▶ _Task requirements_
Reproduce word for word the line holding "图2 Au(111)表面上E" and all lines after it in the data, through the end, leaving out pictures.

▶ _Records supplied_
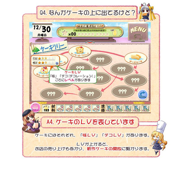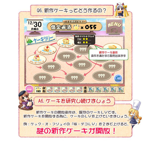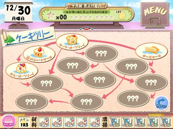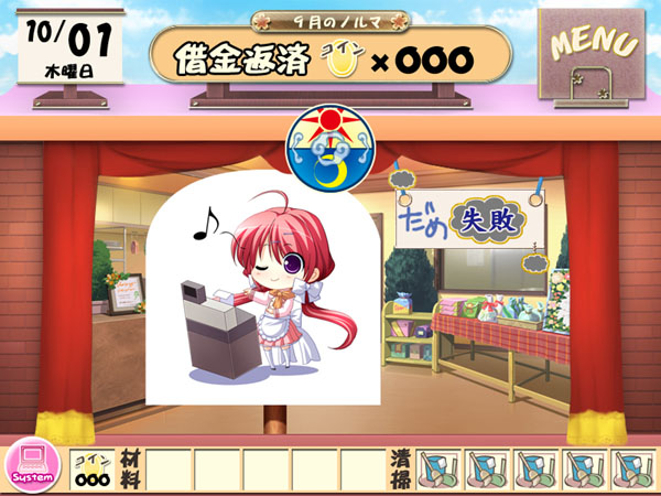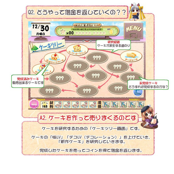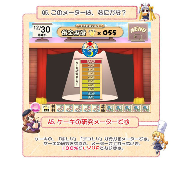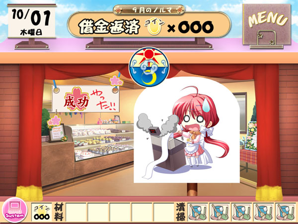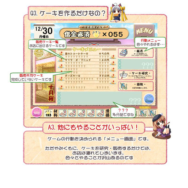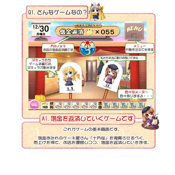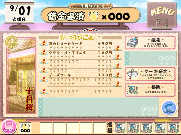 自分がパティシエを目指すきっかけになった 洋菓子店『十月桜(じゅうがつざくら)』を思い出し、 十数年振りに足を運ぶことにする。 小さいが可愛らしい店構えに、甘く優しい香りに包まれた店内。 一口食べれば誰もが笑顔になるケーキの数々。 思い出のケーキ店を思い浮かべながら『十月桜』に到着すると、 そこには外観はボロボロで、休業中との看板が下げられた、 人気の無いお店『十月桜』の姿があった。 愕然としながらも『十月桜』で話を聞くと、 前の店主でもあったパティシエが亡くなってしまい、 今はその娘姉妹が切り盛りしているが、赤字続きで経営は悪化。 『十月桜』は閉店する予定だと言う。 思い出がいっぱい詰まった、 パティシエになるきっかけをくれたお店『十月桜』が消えてしまう。 自分はただ見ているだけしか出来ないのか? 暁人「いいや、そんなことはさせない!」 奮い立つ暁人は洋菓子店を救うため、姉妹に協力を申し出ることに。 『何事にも捕らわれず、桜は二度咲く』 そんな亡くなった店主の想いが込められた姉妹の洋菓子店『十月桜』は、 もう一度、返り咲くことが出来るのだろうか? このような流れがあり、主人公・暁人は『十月桜』で、 姉妹と共に借金の返済をしていくことになります。 毎月末になると借金の返済をしなくてはいけない『十月桜』は、 お店でケーキを売ったコイン(売上)で借金を返済していきます。 この借金が返せないとBAD ENDが待っていますので要注意です。 では、どうすればコイン(売上)をゲット出来るのか? 簡単です!お店の売上を上げるにはケーキのレベルを上げたり、 新作ケーキの研究をしていけば良いのです。 また、お店を汚してると集客が減り、結果的に売上が減り、 コインが得られなくなってしまうのでマメに掃除しましょう!
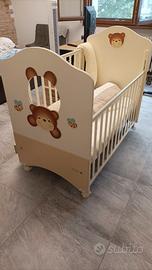 Vendo culla con cassetto e materasso, altezza 113 cm, larghezza 74 cm, lunghezza 130 cm, oblò in plexiglass, spondine regolabili e ruote
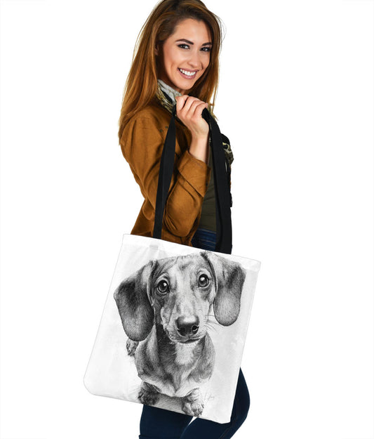 Dachshund (Doxie) Pencil Sketch Artwork Tote Bags
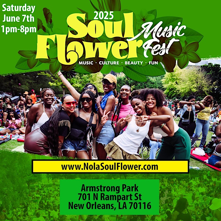 Welcome to the Nola Soul Flower Music Fest. This is one of the most beautiful events of the year taking place at a very special park. On June 7th join over 2500 other beautiful people and Treat your soul to an unforgettable experience. The Soul Flower Music Fest is a one-day music Festival featuring National and Local Soul, R&B, Neo Soul and Hip-Hop Artists. In addition to great music, there will be food, games, shopping, contests and great vibes. Get your tickets today before they are gone
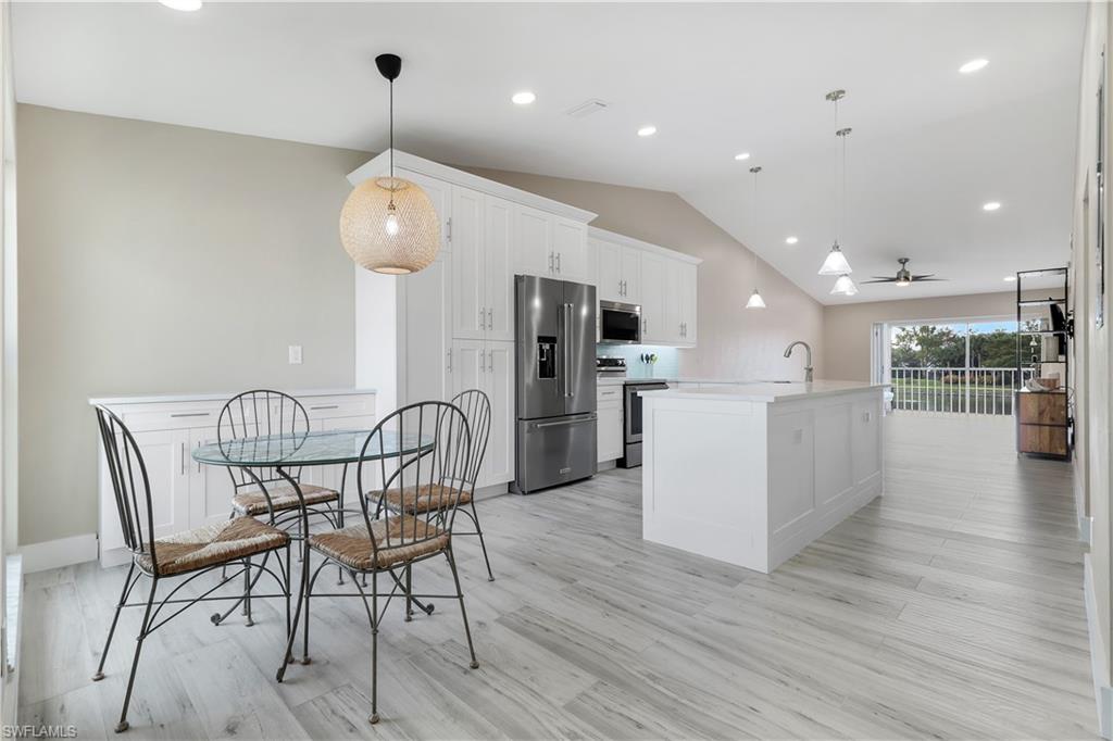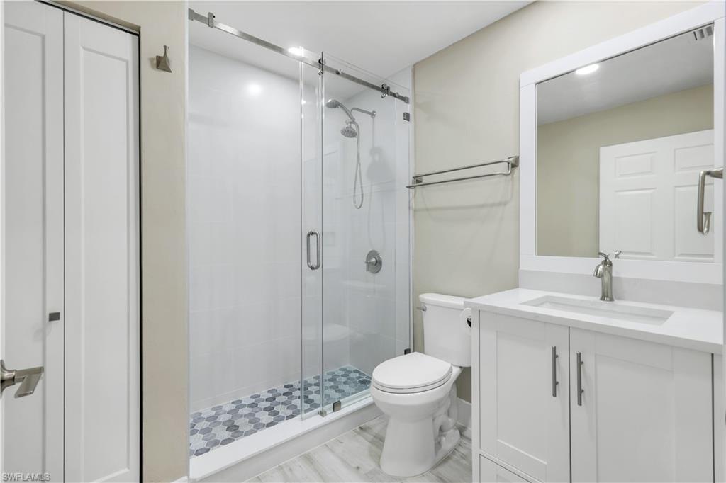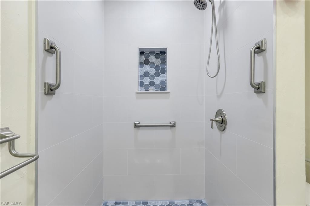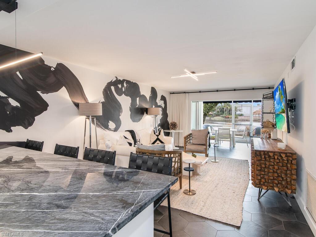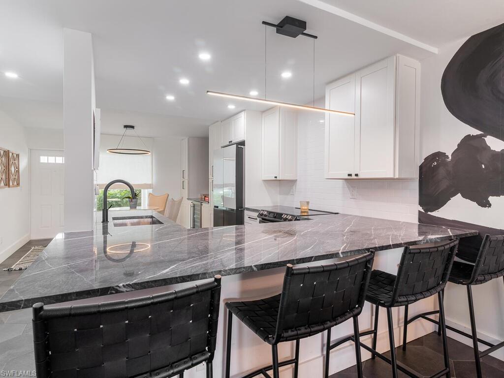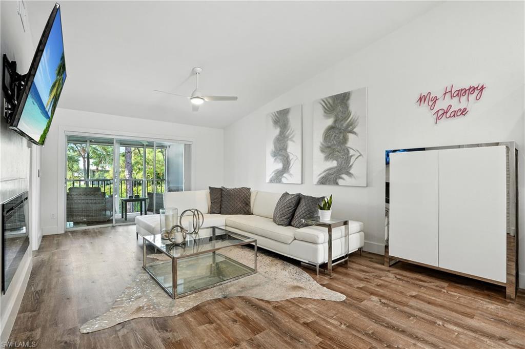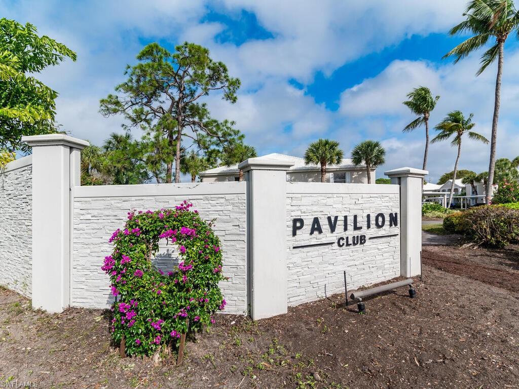 Completely remodeled and ideally located west of U.S. 41. This light-filled two-bedroom, two-bath home in the gated Pavilion Club offers upscale coastal living just blocks from Naples top shopping, dining and entertainment. The open-concept interior features plank tile flooring, white shaker cabinets, quartz countertops and stainless steel appliances. The spacious primary suite includes a walk-in closet, dual vanities and a glass-enclosed walk-in shower. Sliding doors from both the living room and primary bedroom lead to a screened lanai with an outdoor fireplace, overlooking a tropical setting. Enjoy unmatched walkability to Mercato, The Pavilion, Whole Foods, restaurants, movie theaters and a community park. Pavilion Club residents enjoy a community pool and private pedestrian gate to the Pavilion shopping center. Whether you're seeking a full-time residence, vacation getaway or investment opportunity, this home delivers luxury, location and low-maintenance living—all just minutes from the beach. No flooding during past storms, according to the owner.
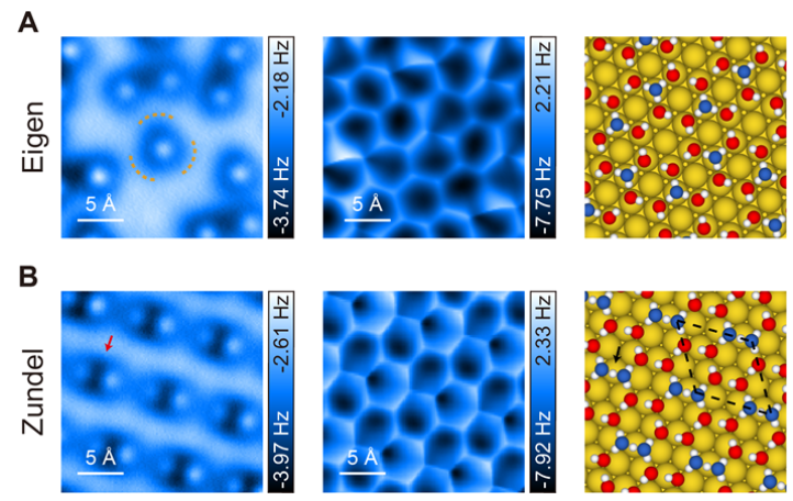图2 Au(111)表面上Eigen(A)以及Zundel(B)构型二维冰的AFM实验图(第一列水合离子图;第二列氢键网络图)和原子结构模型图(第三列)。模型图中,蓝色代表Eigen/Zundel构型离子,红色代表水分子
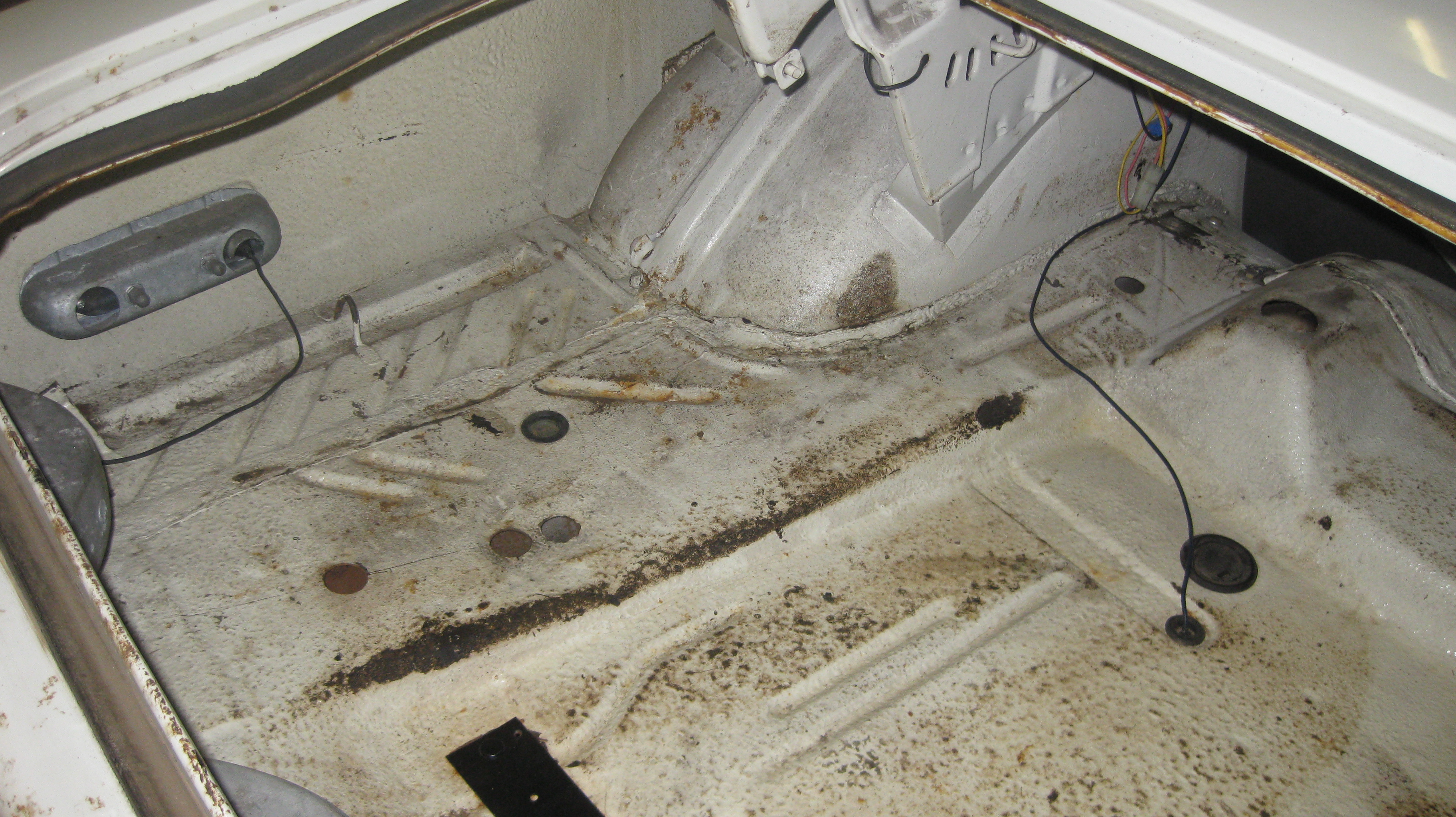 Pour l'intérieur du coffre je ne crois pas qu'il y ait eu -en sortie d'usine- un revêtement particulier autre que la peinture de la voiture + un tapis façon "toile cirée".
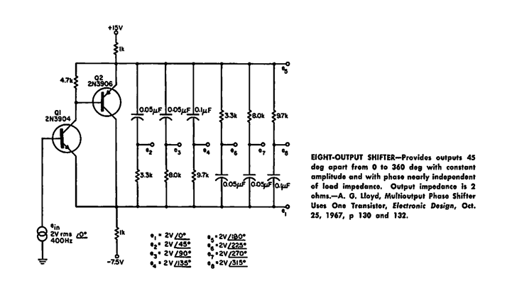 SOURCE: A. G. LLOYD, "MULTIOUTPUT PHASE SHIFTER USES ONE TRANSISTOR," ELECTRONIC DESIGN, OCTOBER 1967

▶ _Solution to this problem_
图2 Au(111)表面上Eigen(A)以及Zundel(B)构型二维冰的AFM实验图(第一列水合离子图;第二列氢键网络图)和原子结构模型图(第三列)。模型图中,蓝色代表Eigen/Zundel构型离子,红色代表水分子
 Pour l'intérieur du coffre je ne crois pas qu'il y ait eu -en sortie d'usine- un revêtement particulier autre que la peinture de la voiture + un tapis façon "toile cirée".
 SOURCE: A. G. LLOYD, "MULTIOUTPUT PHASE SHIFTER USES ONE TRANSISTOR," ELECTRONIC DESIGN, OCTOBER 1967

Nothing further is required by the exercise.